Pero este texto no es sobre la moción de censura que derribó al gobierno. Nosotros, los sociólogos, no nos ocupamos de eso. O, me atrevo a decir, no todos… Es más bien sobre el hecho de que en la intersección de estas luchas políticas está la vida cotidiana, que necesitaría un poco de previsibilidad. Por supuesto, el público también tiene su parte de culpa. ¡Qué les gustan las emociones en la campaña electoral! ¡Qué les gusta lanzar votos negativos! Pero en algún momento todos nos despertamos y nos damos cuenta de que cada vez menos cosas son predecibles en Rumanía.
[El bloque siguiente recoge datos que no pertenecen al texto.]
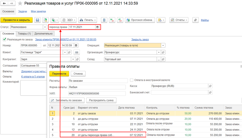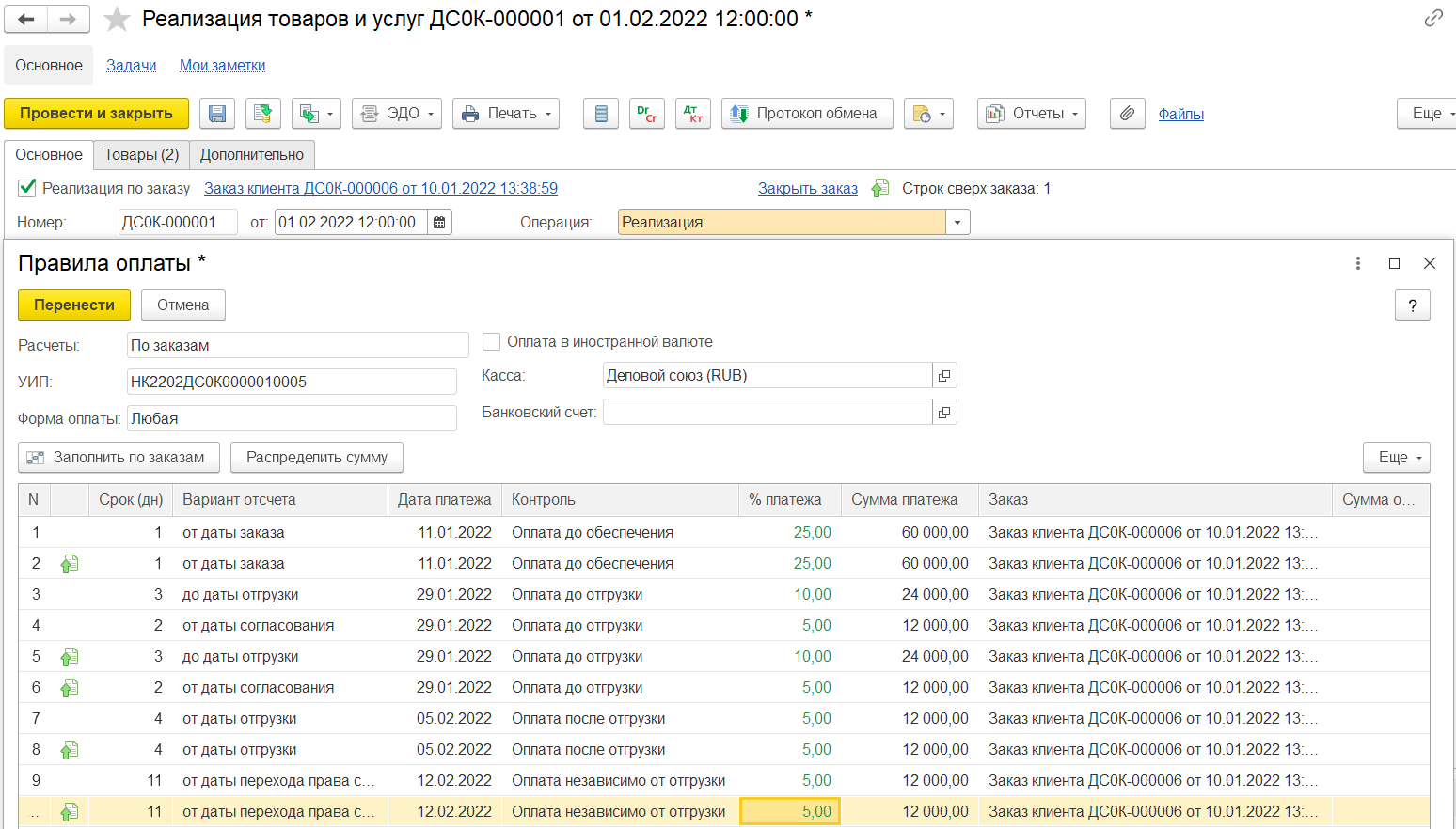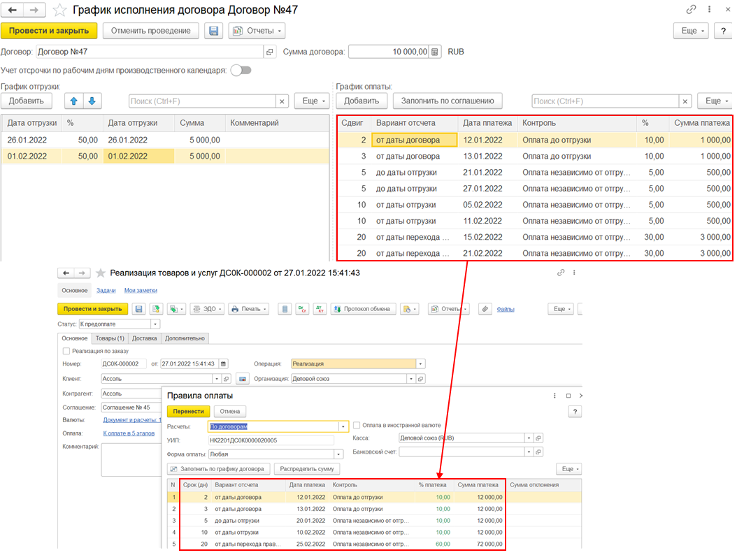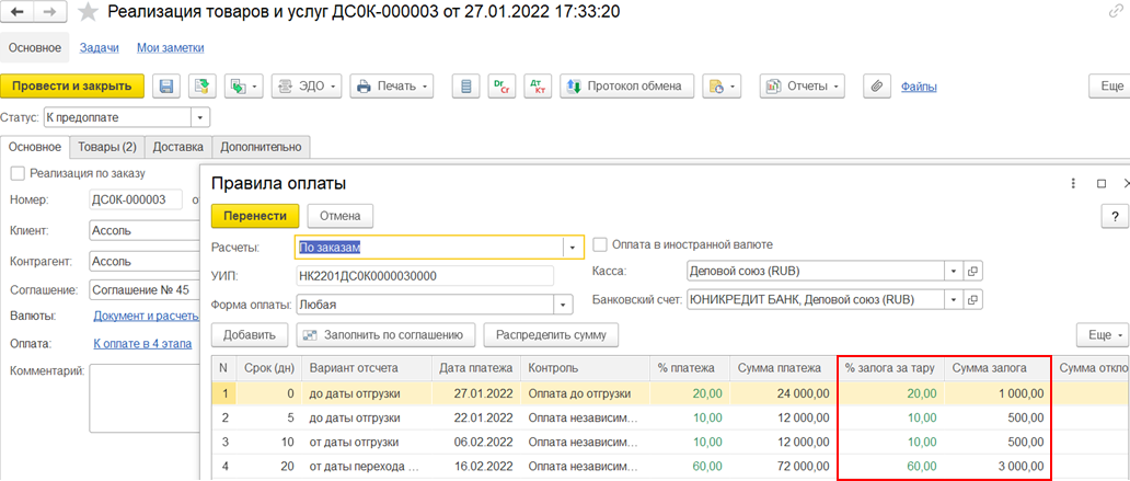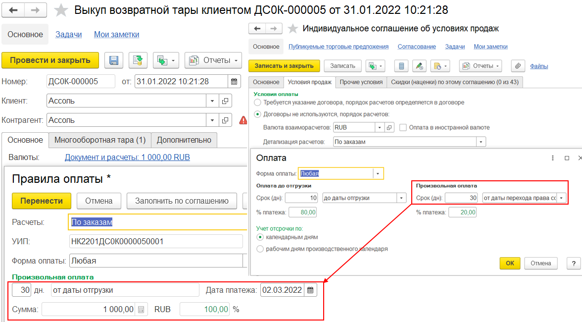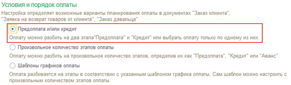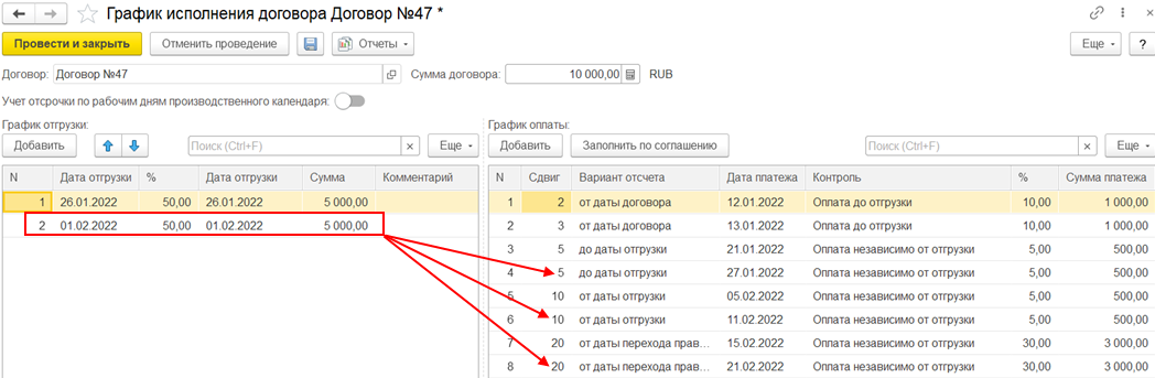 Для графиков оплат от клиентов заполняются варианты отсчета:

Al final de la semana pasada, INSCOP publicó aquí algunas cifras sobre valores humanos generales. Resulta que el 88% de los rumanos prefieren una vida modesta, pero segura, a una próspera, pero incierta. El 75% cree que la mayoría de las personas intenta aprovecharse de los demás. Claro, si lees todo el informe, verás que las respuestas a algunas de las afirmaciones parecen contradictorias (https://www.inscop.ro/wp-content/uploads/2026/04/30.04.2026-Barometru-Informat.ro-Inscop-Valori-sociale.pdf). Esto dice algo sobre el clima de opinión pública en nuestro país y sobre las señales contradictorias que la persona común debe gestionar. Algunas son respuestas que remiten a la idea de seguridad personal, otras son aspiracionales individuales, otras son sobre cómo sería bonito que fueran. En algunos lugares, parece incluso una confusión de valores: por ejemplo, quiero invertir, pero quiero estar seguro de que saldrá bien. Quiero trabajar más, pero quiero estar seguro de que me convertiré en millonario en cinco años. De lo contrario, no merece la pena.
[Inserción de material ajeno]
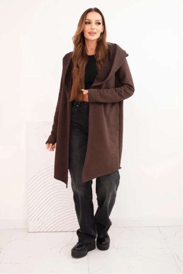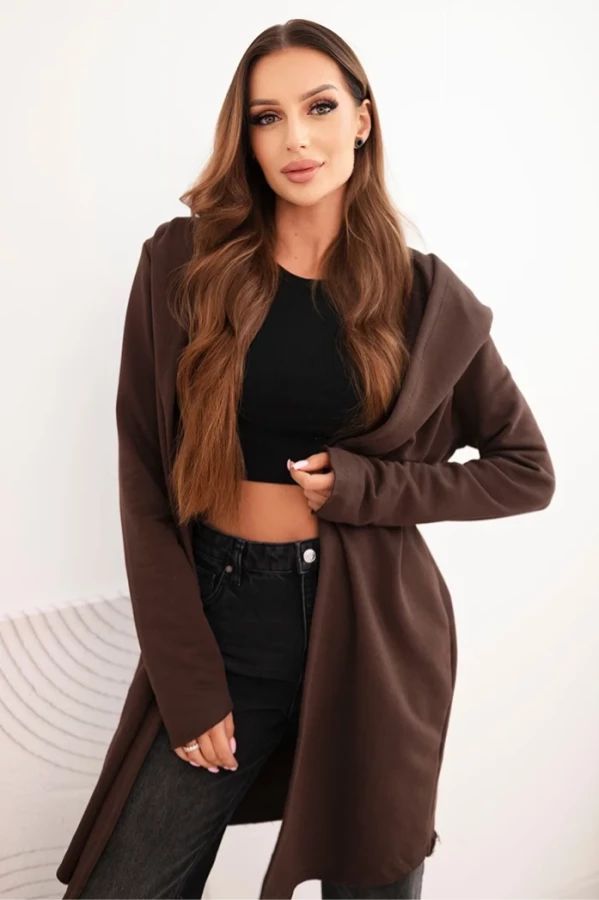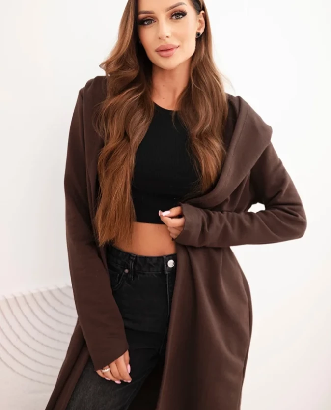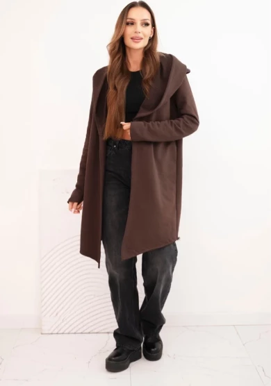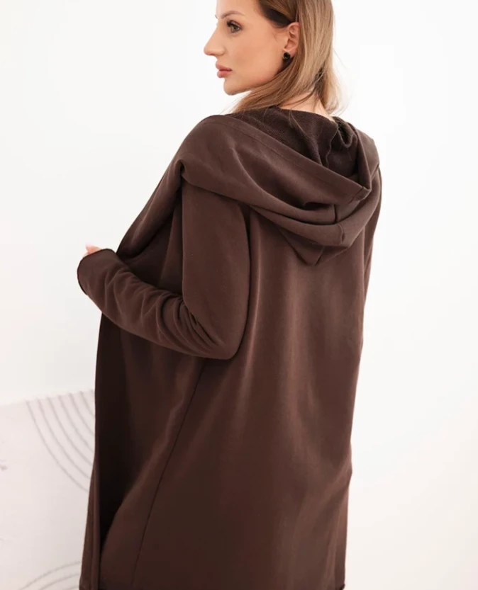 Narzutka damska z bawełny z kapturem i wydłużonym przodem Brązowa

Prefiero menos, pero seguro, era un tema recurrente de las encuestas de los años 90. Algunos analistas criticaban tales respuestas y explicaban cómo nos muestran que los rumanos no tienen una actitud emprendedora, no están dispuestos a ir más allá, como dice el americano. En realidad, se trata de otra cosa. La persona percibe más bien que la sociedad (no solo el estado, sino la sociedad, es decir, incluyendo las empresas privadas, el mercado en sí, el público, los compradores) no premia el esfuerzo, el trabajo bien hecho, no distribuye transparentemente los recursos, no amortigua los posibles choques, etc. En otras palabras, cuando llegas a no tener nada, realmente no tienes nada. Muchas veces, sin embargo, más, con más trabajo y más riesgos, no es realmente tanto como para que merezca la pena el trabajo y los riesgos. Y las asociaciones con otros te ponen, no pocas veces, en situaciones y circunstancias dudosas porque, no es así, cada uno tiene una historia que los demás no conocen.
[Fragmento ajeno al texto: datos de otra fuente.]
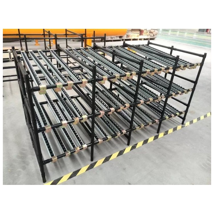 | The Flow Rack is equivalent to the gravity flow rack, commonly evolved from medium-sized beam racks. It transports goods from the picking end to the delivery end through channels, with goods sliding down automatically under gravity, enabling "first in, first out" operation. It is cost-effective, with fast storage speed and high density. Typically used in lean production processes in enterprises. Characteristics of the Flow Rack: 1. Equipped with roller-type aluminum alloy or other flow strips, utilizing the weight of the goods for "first in, first out" operation. 2. Easy to store and retrieve, suitable for assembly line sides, distribution centers, and similar locations. 3. Ideal for storing large quantities of similar goods, with high space utilization, particularly suitable for auto parts factories. 4. Compatible with electronic labels for information management of goods. |
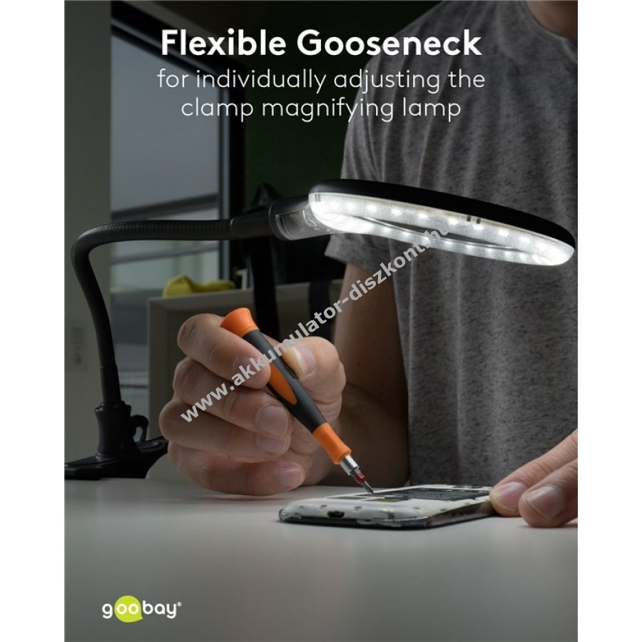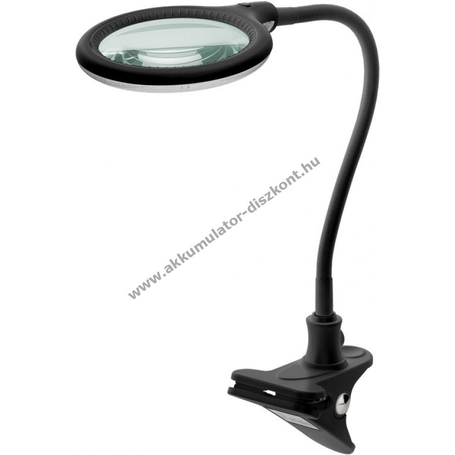 A nagyító lámpa 30 tartós nappali fehér SMD LED-del színhelyes megvilágítást biztosít. 100 mm átmérőjű üveglencse 3 dioptriával és 1,75-szeres nagyítással. A lencse gyorskioldóval szerszám nélkül cserélhető. A rugalmas nyak egyéni beállítást tesz lehetővé. Sokoldalúan használható kozmetikában, olvasáshoz vagy precíziós munkákhoz, például forrasztáshoz és barkácsoláshoz. Kiválóan alkalmas asztali nagyítónak, íróasztali vagy rajzoló lámpának csipesszel. A puha párnázat biztonságos és felületkímélő rögzítést biztosít.

Y, después de que te dicen que asumas, que inviertas y que tengas confianza, ves que el presupuesto para 2026 aparece recién en marzo-abril y que va a bajar por la vía jerárquica hacia las instituciones más pequeñas hasta mayo-junio, convirtiéndose de alguna manera operativo a mitad de año. Y ves que, tres semanas después de la adopción forzada del presupuesto nacional, cae el gobierno. Empleado o emprendedor, joven que debería empezar a trabajar, o anciano que debería retirarse tranquilamente, no hay forma de que te diga bien una combinación así. Y aquí tenemos que, en lugar de votos-de-confianza, tenemos un sistema político-electoral alimentado prioritariamente con carretillas enteras, si no camiones de votos-de-descontento. Cada uno trae lo que tiene en casa.